Changes in Generations of PAMAM Dendrimers and Compositions of Nucleic Acid Nanoparticles Govern Delivery and Immune Recognition

Nucleic acid nanoparticles (NANPs) are promising immune modulators due to their well-established structural properties and distinct structure-activity relationship with the immune system. We previously identified that NANPs' size, shape, composition, and type of delivery vehicle define their uptake by immune cells and subsequently induced cytokine profile. In this work, we examined the delivery efficiencies and immunological impacts of two representative NANPs-DNA cubes and RNA cubes-complexed with a benchmark delivery vehicle, Lipofectamine 2000 vs. different generations of amine-terminated poly(amidoamine) dendrimers. Using molecular dynamics simulations, we modeled dendrimer interactions with nucleic acid cargos. Next, we used traditional 2D and more recently established 3D cell cultures to assess dendrimers' influence on NANPs uptake.
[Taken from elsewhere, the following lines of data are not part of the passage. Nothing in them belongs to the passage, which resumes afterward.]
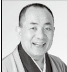
三遊亭小遊三 (落語家)

とき/上記をごらんください 19時〜20時30分(第1回は18 時45分) 計7回 ところ/ロゼシアター中ホール 対象/富士市・富士宮市に在 住・在学・在勤の15歳以上の 人(中学生は除く) 定員/700人(応募者多数 の場合抽せん) ※定員に満たないときは、各回ご とに入場券を販売する場合あり。 受講料/4000円 申し込み/8月4〜14日に、市 ウェブサイト・モバイルサイ トで電子申請するか、直接左 記受付場所へ 受付場所/①各地区まちづくり センター 9〜21時(土・日 曜日は除く) ②富士市役所7階社会教育課、 富士宮市役所6階社会教育課 9〜17時(土・日曜日は除く) ※二人一組でも申し込みできま す。
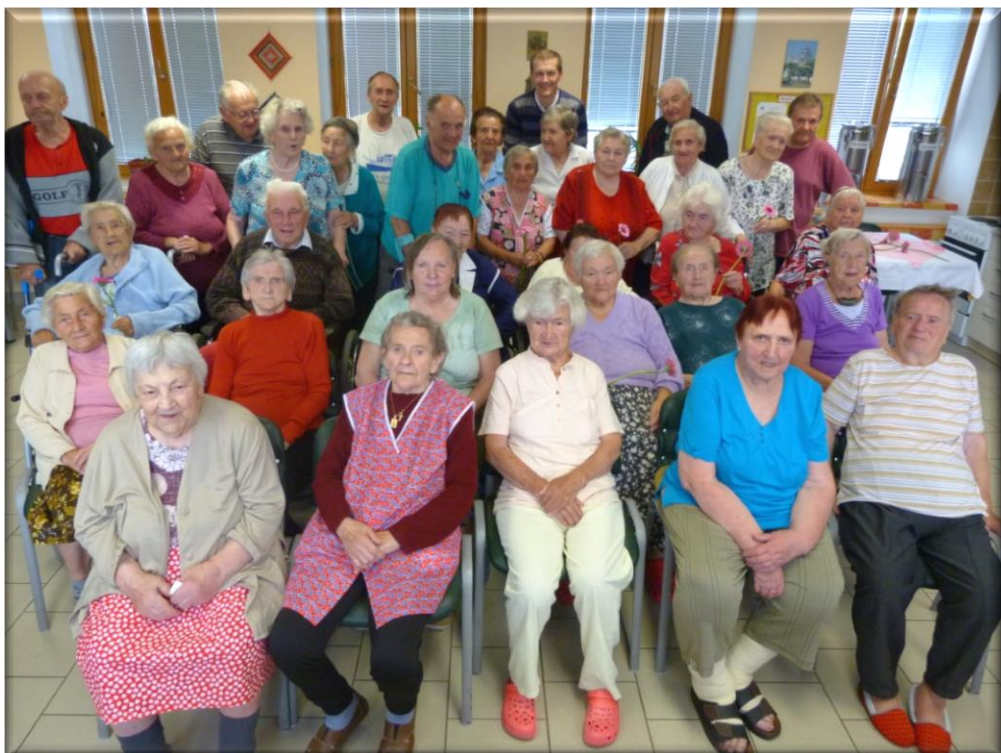
26. červen 2013 - shromáždění s ředitelem
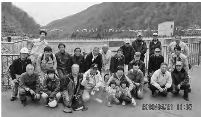
【協力してくれたみなさん】

Immune activation was evaluated in several cell lines engineered with reporter genes driven by key immune signaling pathways. Specifically, HEK-lucia reporter cells were used to evaluate RIG-I activation, while THP1-Dual cells provided quantitative readouts for both IRF and NF-?B transcription factor activity. Our findings demonstrate that both dendrimer generation and NANP composition influence cellular uptake and immune responses. This study underscores the importance of formulation in shaping NANPs' biological properties and further advances the understanding of their immunological properties critical for the development of NANPs-based adjuvants.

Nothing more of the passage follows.